(INSTRUCTIONS FOR THE TASK)
Would you please repeat, word for word, only the lines from the one holding "Camera da letto" through the one holding "Hieronder is een" in the material below, without the pictures?

(DATA)
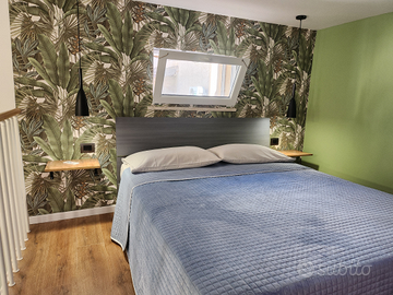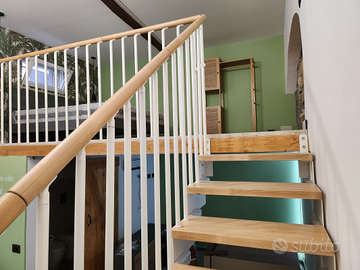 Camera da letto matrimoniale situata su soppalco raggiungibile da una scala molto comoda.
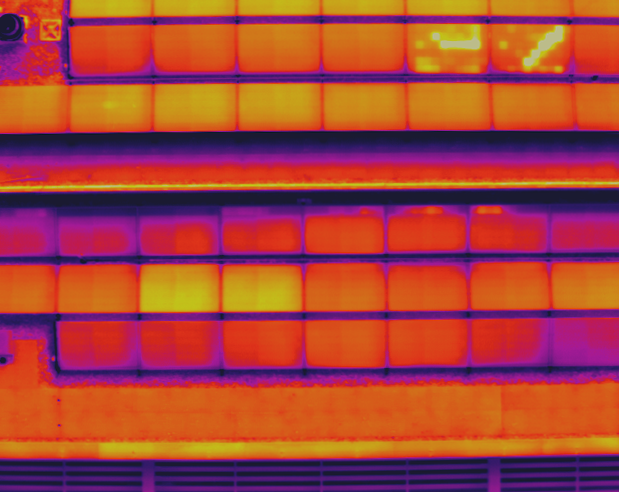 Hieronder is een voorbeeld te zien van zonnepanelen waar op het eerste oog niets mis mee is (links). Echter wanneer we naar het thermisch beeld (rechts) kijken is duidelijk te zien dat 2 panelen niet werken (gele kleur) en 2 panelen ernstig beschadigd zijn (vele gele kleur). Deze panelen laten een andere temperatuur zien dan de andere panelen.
...
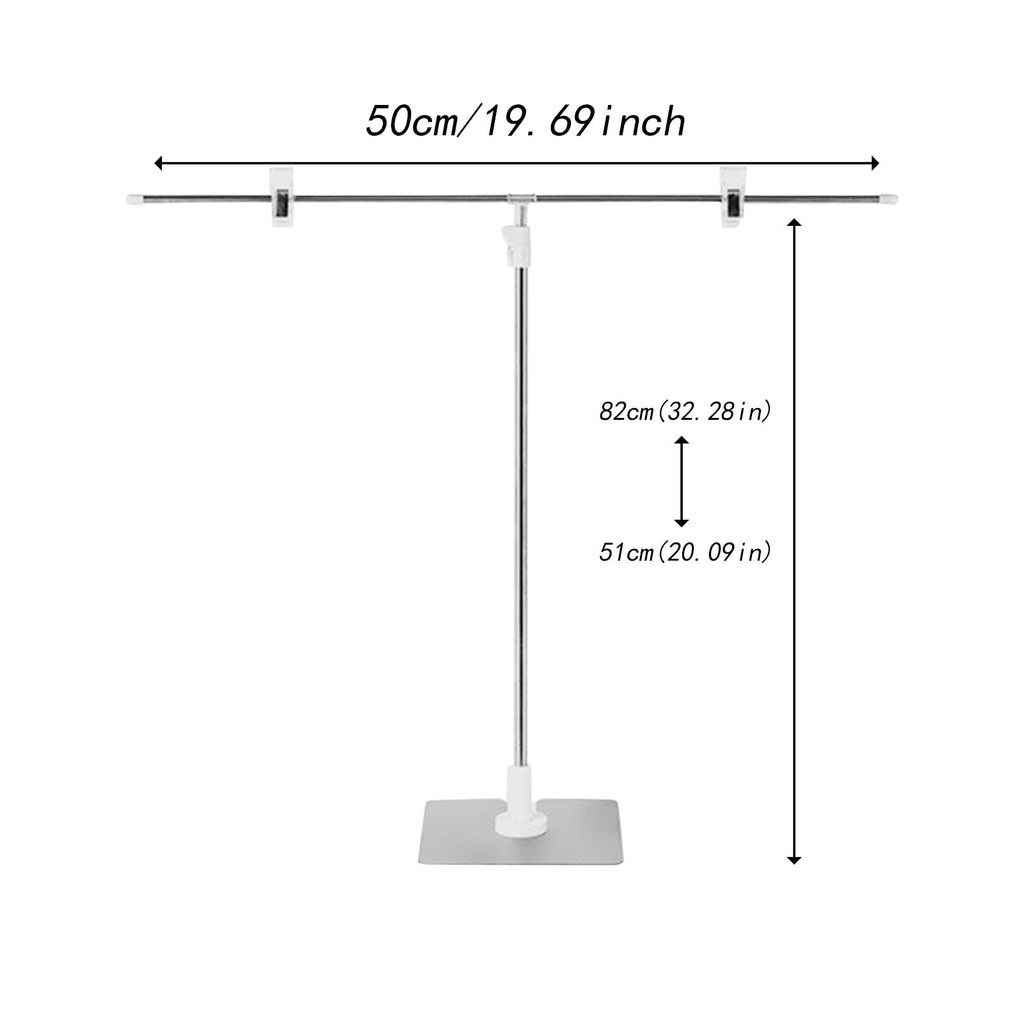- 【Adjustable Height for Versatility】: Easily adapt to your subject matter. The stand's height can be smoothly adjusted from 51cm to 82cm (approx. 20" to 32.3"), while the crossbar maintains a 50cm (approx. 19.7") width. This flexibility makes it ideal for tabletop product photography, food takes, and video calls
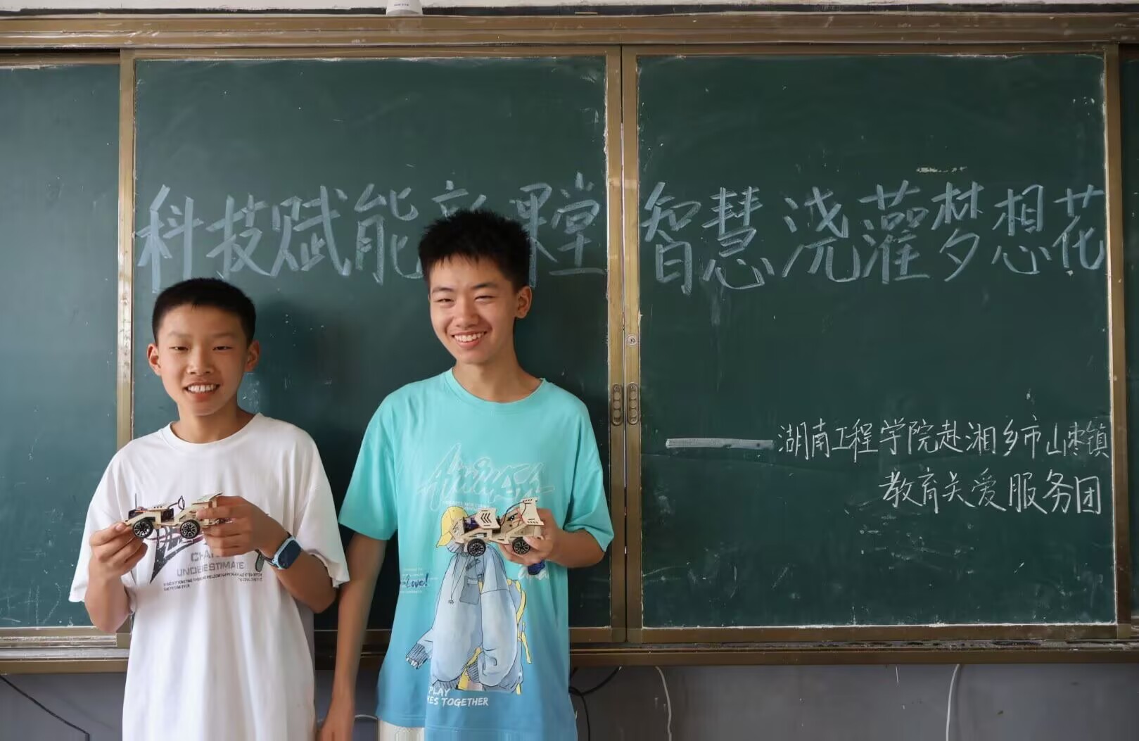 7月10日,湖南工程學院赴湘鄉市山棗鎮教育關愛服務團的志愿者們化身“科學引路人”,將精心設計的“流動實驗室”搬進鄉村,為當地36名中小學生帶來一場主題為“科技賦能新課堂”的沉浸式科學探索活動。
==
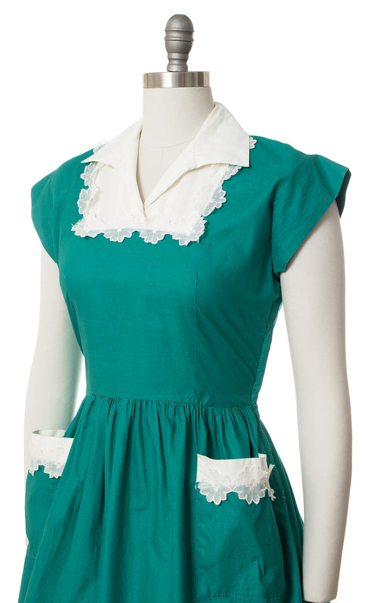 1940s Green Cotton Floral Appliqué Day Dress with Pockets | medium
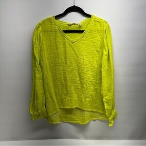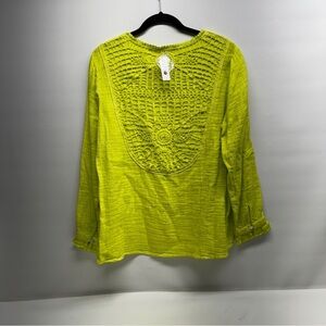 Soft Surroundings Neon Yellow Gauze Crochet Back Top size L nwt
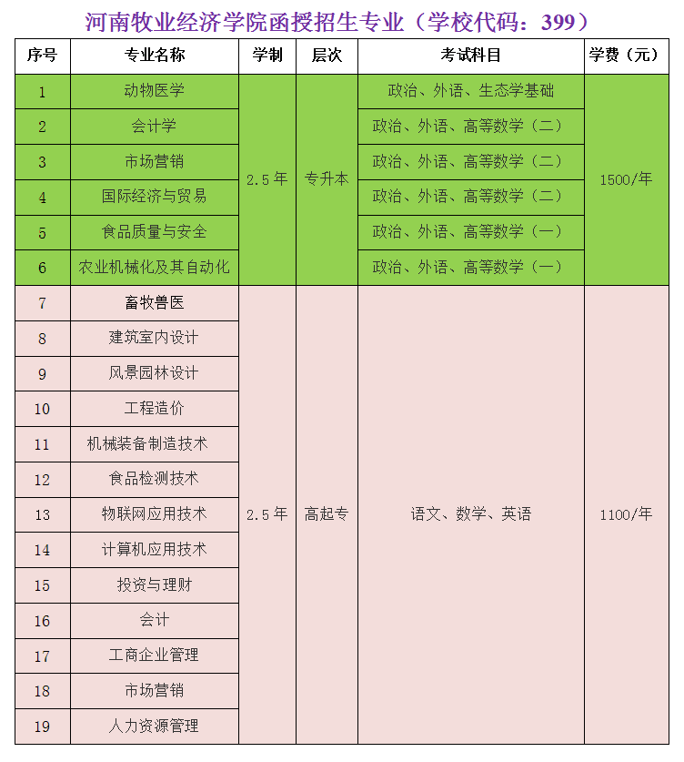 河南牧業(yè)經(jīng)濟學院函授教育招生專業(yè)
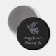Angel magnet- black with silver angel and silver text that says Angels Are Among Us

(TASK ANSWER)
 Camera da letto matrimoniale situata su soppalco raggiungibile da una scala molto comoda.
 Hieronder is een voorbeeld te zien van zonnepanelen waar op het eerste oog niets mis mee is (links). Echter wanneer we naar het thermisch beeld (rechts) kijken is duidelijk te zien dat 2 panelen niet werken (gele kleur) en 2 panelen ernstig beschadigd zijn (vele gele kleur). Deze panelen laten een andere temperatuur zien dan de andere panelen.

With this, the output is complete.